The lightweight balloon-borne observation system known as the AirCore provides a low-cost approach to observing the composition of the stratosphere (Tans, 2009; Karion et al., 2010). High-quality in situ measurements of stratospheric air are rare, since the cost of such field campaigns prohibits routine measurements. As a result, data collected from occasional high-altitude large-balloon (>10⁶ m³) and aircraft-based field campaigns since the 1980s are still relevant today for diagnosing stratospheric composition and dynamical change (Hall et al., 1999; Andrews et al., 2001; Pan et al., 2010; Laube et al., 2020). The AirCore was developed at the NOAA Global Monitoring Laboratory (NOAA/GML) and has been widely used to measure CO₂, CH₄, and CO profiles in samples collected from the surface to the stratosphere. The AirCore consists of a long (approximately 100 m), thin, coated stainless steel tube with one open end. The gas in the AirCore flows out as it ascends on a balloon.
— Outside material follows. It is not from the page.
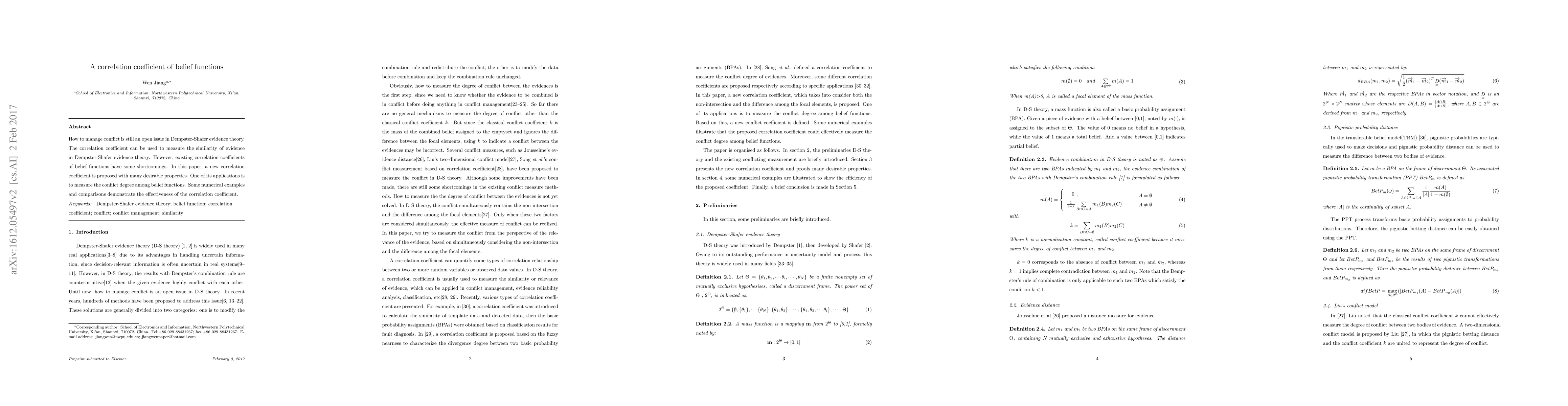 This paper proposes a new correlation coefficient for belief functions in Dempster-Shafer evidence theory to better manage conflict and measure the similarity of evidence, addressing limitations of existing methods. Numerical examples demonstrate its effectiveness in assessing conflict degrees among belief functions.

After the balloon is cut away at 30–32 km above mean sea level (AMSL), the AirCore descends and passively collects ambient air. Due to the relatively low volumetric flow rate and small cross-section area of the AirCore, the mixing of air captured in the AirCore is limited to Taylor dispersion (Aris, 1956) and molecular diffusion, largely preserving the vertical structure of the atmosphere in the AirCore (Tans, 2009; Karion et al., 2010). After landing, the AirCore automatically closes, preserving the collected air sample until laboratory analysis. As AirCores are usually analyzed shortly (less than 4 h) after landing, the composition of air from the ground to the mid-stratosphere can be measured with only a small amount (less than 0.7 m in both directions, Karion et al., 2010) of diffusion and dispersion mixing of the sample, allowing for the retrieval of vertical gradients of trace gases in air from the ground to the mid-stratosphere with significant fidelity at a relatively low cost (USD 5000 per profile).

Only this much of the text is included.